Multiple birth support vector machine (MBSVM) is an extension of twin support vector machine on multi-class classification problem. In MBSVM, the size of each QP problem is restricted by the number of patterns in one of the K classes, so the computational complexity of MBSVM is much lower and the training speed of it is faster than the existing multi-class SVM. However, MBSVM neglects the structural information of data which may contain some significant prior knowledge for training classifiers. In this paper, we first present an improved version of structural least square twin support vector machine (S-LSTWSVM), called energy-based structural least square twin support vector machine (ES-LSTWSVM), which converts the constraints of the S-LSTWSVM into an energy-based model by introducing an energy for each hyperplane. Then we use the strategy of "rest-versus-one" in MBSVM to extend ES-LSTWSVM into the multi-class classification, called energy-based structural least squares MBSVM (ESLS-MBSVM). In order to prove the validity of ESLS-MBSVM, the experiment has been performed on UCI datasets. The experimental results show that our ESLS-MBSVM is effective and has good classification performance. In order to better illustrate the experimental results, we use Friedman test and ROC analysis for statistical comparisons.

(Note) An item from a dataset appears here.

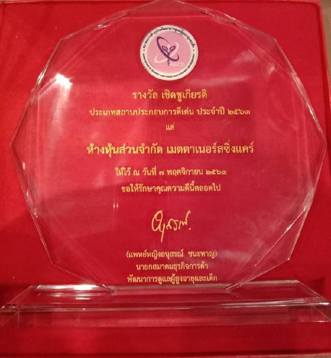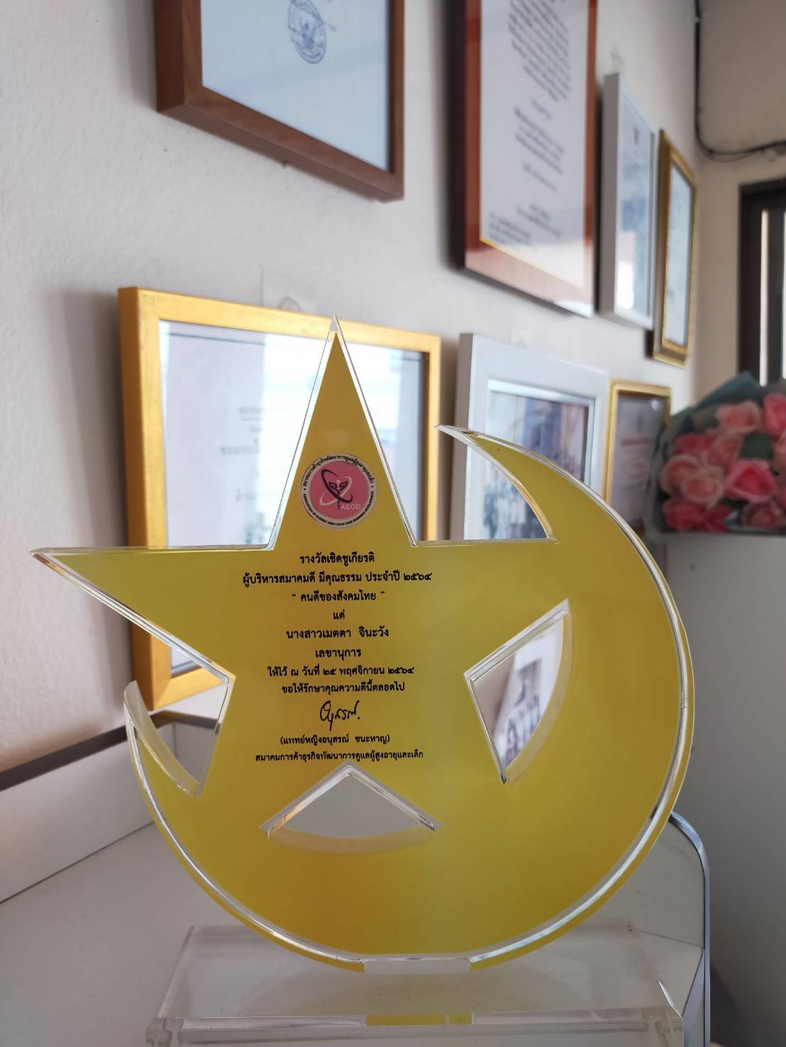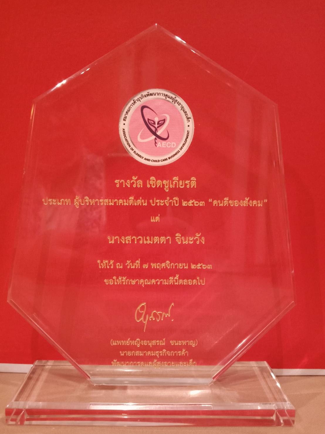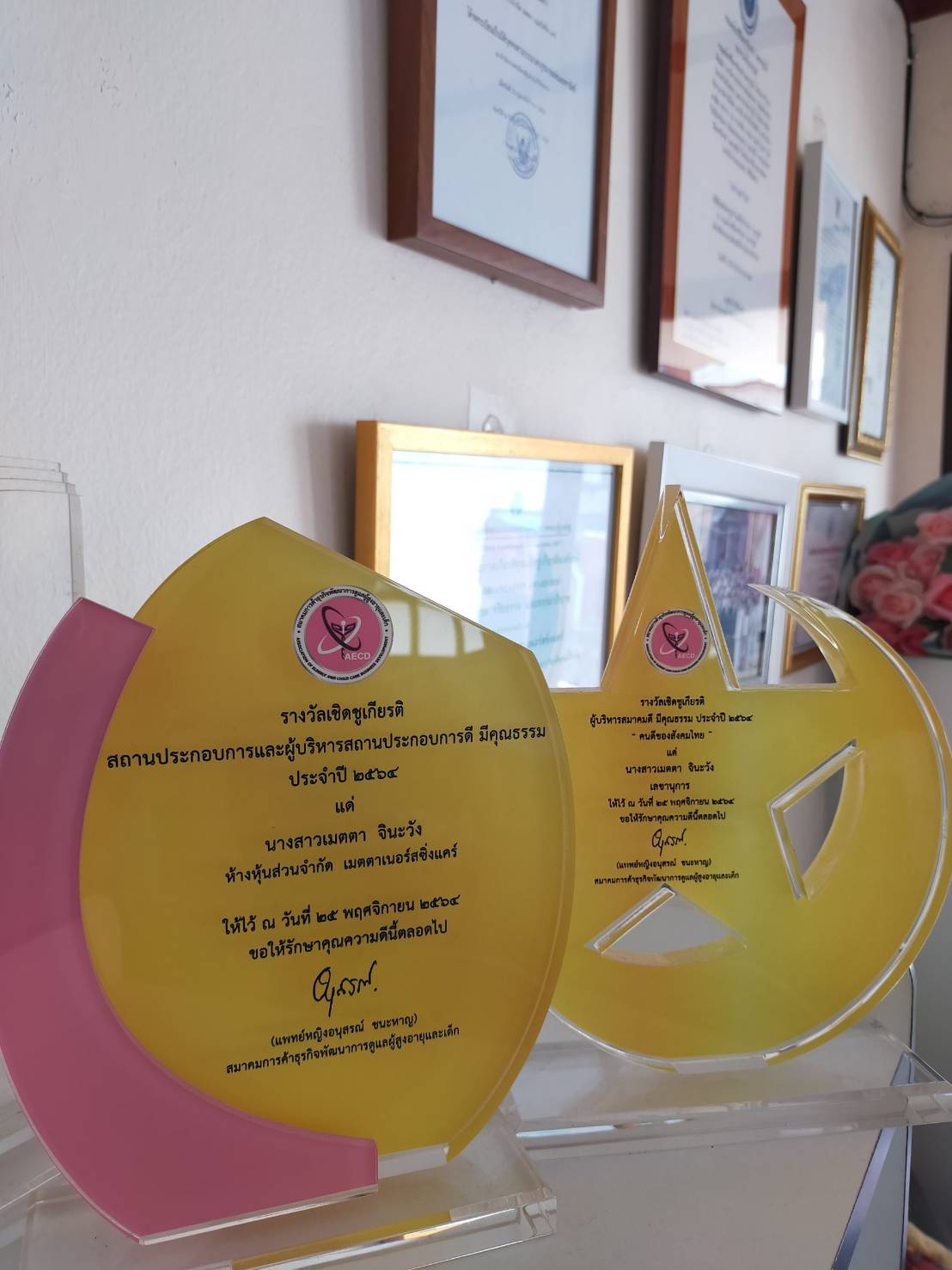คุณเมตตา จินะวัง ผู้บริหารศูนย์เมตตาเนอร์สซิ่งแคร์ ได้ขึ้นรับรางวัลโล่เกรียติยศในงานวัฒนธรรศแห่งสยาม เนื่องในวันอนุรักษ์มรดกไทย สาขาเกรียติคุณผู้อนุรักษ์ความเป็นไทย ต่อยอดการบริหารธุรกิจและส่งเสริมยอดการขาย เมื่อวันที่5เมษายน2568 ณ.ที่หอประชุมคุรุสภา กระทรวงศึกษาธิการ

机译:多个出生支持向量机(MBSVM)是双层分类问题的双支持向量机的延伸。在MBSVM中,每个QP问题的大小受到其中一个类中的模式的数量限制,因此MBSVM的计算复杂度要较低,并且它的训练速度比现有的多级SVM更快。然而,MBSVM忽略了可能包含培训分类器的一些重要事先知识的数据的结构信息。在本文中,我们首先提出了一种改进的结构最小二乘双支持向量机(S-LSTWSVM),称为基于能量的结构最小二乘双支持向量机(ES-LSTWSVM),其转换S-LSTWSVM的约束通过为每个超平面引入能量来进入基于能量的模型。然后,我们使用MBSVM中的“REST-VERES-ONE”的策略将ES-LSTWSVM扩展到多级分类中,称为基于能量的结构最小二乘MBSVM(ESLS-MBSVM)。为了证明ESLS-MBSVM的有效性,对UCI数据集进行了实验。实验结果表明,我们的ESLS-MBSVM是有效的,并且具有良好的分类性能。为了更好地说明实验结果,我们使用弗里德曼测试和ROC分析进行统计比较。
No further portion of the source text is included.